In his first major encyclical, Magnifica Humanitas, Pope Leo XIV called for stronger global regulation of artificial intelligence, warning that AI is no longer merely a productivity tool or a business opportunity. It is becoming a force capable of altering the balance between governments, corporations, workers, citizens and even armies. Reuters reported that the Pope urged world leaders to slow down the AI race and expressed particular concern over autonomous weapons systems that may operate beyond meaningful human control.

“The concern is no longer whether artificial intelligence can think like humans. The concern is whether humans will still be allowed to decide what kind of world AI is building.”

The Pope’s message lands at a moment when AI has moved from laboratory promise to geopolitical infrastructure. The European Union’s AI Act entered into force in August 2024, with major provisions being phased in through 2026, including obligations around high-risk AI systems, general-purpose AI models, governance and compliance. At the same time, governments from India to China to the United States are struggling to balance innovation, national security, free speech, market growth and public safety.

What makes the Pope’s intervention powerful is not that it introduces a technical framework. It does not. Instead, it reframes AI as a moral and civilizational issue. The Vatican’s concern is that a technology increasingly used in hiring, healthcare, surveillance, education, warfare, policing, finance and media could quietly transfer decision-making power away from people and into systems that are opaque, privately controlled and difficult to challenge.

“AI regulation is no longer a question for engineers alone. It has become a question for lawmakers, parents, soldiers, teachers, judges, doctors and citizens.”

The nervousness is not theoretical. AI-generated deepfakes are already affecting political communication.
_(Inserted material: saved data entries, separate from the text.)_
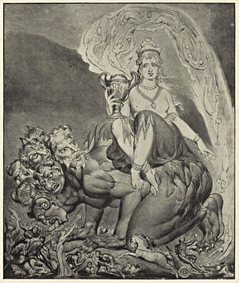The Babylonian Woman on the Seven-headed Beast. From a water-colour drawing by W. Blake. British Museum | 55 |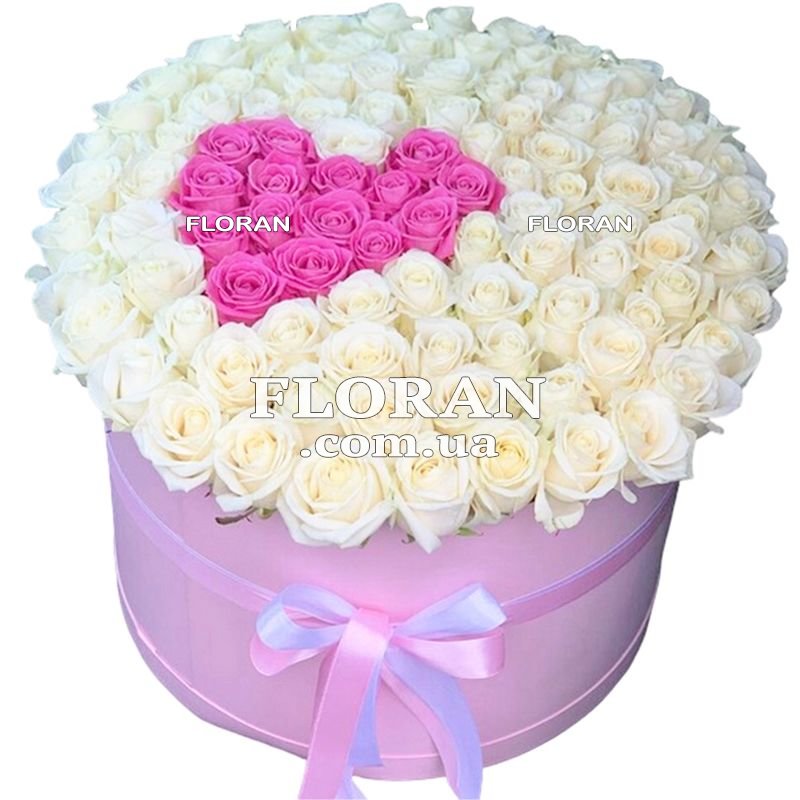 Luxury box of roses - product code FL-1815 - is an exceptional and luxurious gift that will not leave anyone indifferent. This bouquet contains 101 white and pink roses that create a stunning combination of beauty and elegance. White and pink roses are symbols of purity, tenderness, love and elegance. They convey a deep feeling and tenderness, admiration for their graceful petals and wonderful aroma. This bouquet combines these two beautiful shades to create an impressive look. In the center of the bouquet, on a white background, there is a pink heart. It symbolizes love, passion and affection, making this bouquet even more romantic and meaningful. This is a great addition that gives the bouquet a special charm and makes it stand out from the others. An elite box containing roses adds luxury and romance to this gift. It serves not only to protect roses from damage, but also is a design element that gives the bouquet sophistication and uniqueness. The white background in the box perfectly emphasizes the beauty of the roses and allows them to stand out from the background. This bouquet of roses in a luxury box with a pink heart and 101 white and pink roses is ideal as a gift for special occasions such as birthdays, wedding anniversaries or simply to express deep love and care for a loved one. An elite box of roses with a pink heart and 101 white and pink roses will be a real highlight of any event and decorate any interior. It is a manifestation of luxury, style and sophistication. This bouquet will become an unforgettable symbol of attention and love, which will leave a lasting impression on its recipient. By choosing this elite bouquet of roses, you make a special and unforgettable gift that will delight and delight your recipient. White and pink roses combined with a pink heart create a beautiful image of love and affection. This bouquet will be a reminder of your love and care for a long time.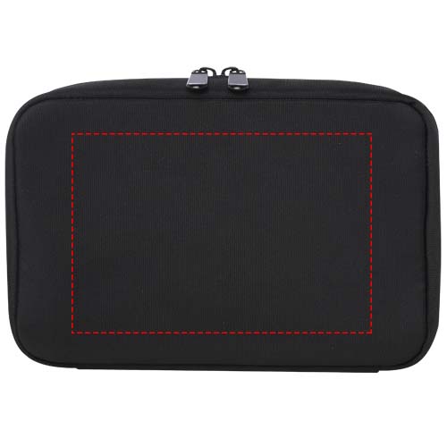 Etui z organizerem Rise to uniwersalne i hybrydowe rozwiązanie do uporządkowania wszystkich przedmiotów związanych z technologią. To etui z organizerem o twardej obudowie wykonane z wytrzymałego poliestru 900D z recyklingu z certyfikatem GRS i aksamitnej podszewki ma dwie kieszenie, kieszenie z siatki, elastyczne paski u dołu na kable i kieszeń zapinaną na suwak na dodatkowe akcesoria. Wszystkie kieszenie zapewniają optymalną organizację, a twarda obudowa chroni wszystkie cenne gadżety.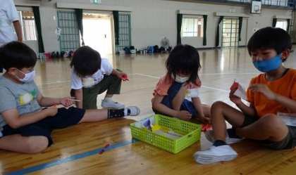 自分だけの飛行機ができあがったら名前を書いて準備完了です。 友達とも教えあって作りました。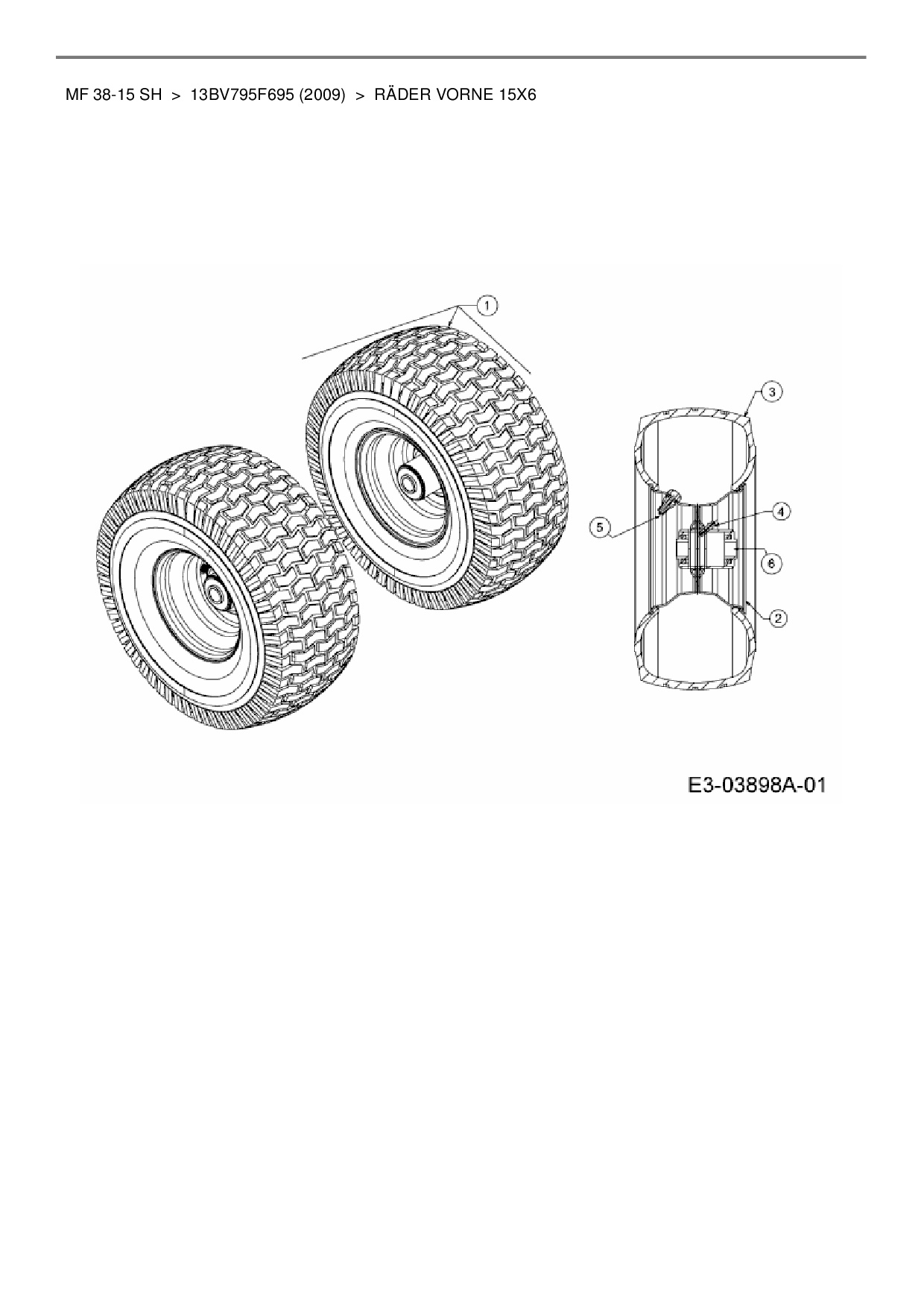 Ersatzteile für Rasentraktor Massey Ferguson MF 38-15 SH aus der Zeichnung Räder vorne 15x6:

Reuters reported that deepfake videos and AI-generated political ads are blurring reality in the 2026 U.S. midterm campaigns, with experts warning that voters can struggle to distinguish synthetic content from authentic footage. For democracies, that creates a dangerous new problem: when citizens cannot trust what they see or hear, public debate becomes easier to manipulate and harder to repair.

The military risk is even more severe. Pope Leo’s encyclical warned about AI’s role in modern warfare, especially where autonomous systems could make or accelerate life-and-death decisions. The United Nations has also been examining lethal autonomous weapons, and Secretary-General António Guterres has previously called for a legally binding treaty to prohibit weapons systems that function without human control or oversight.

This is why the Pope’s phrase that AI must be “disarmed” has resonated globally. It does not mean shutting down innovation. It means preventing AI from becoming an instrument of domination, automated violence or mass social control. According to Associated Press reporting, Pope Leo criticized the concentration of AI power among a small number of technology giants and urged developers and governments to prioritize the common good over profit and dominance.

“The new AI divide may not be between people who use AI and people who do not. It may be between those who control the systems and those who are controlled by them.”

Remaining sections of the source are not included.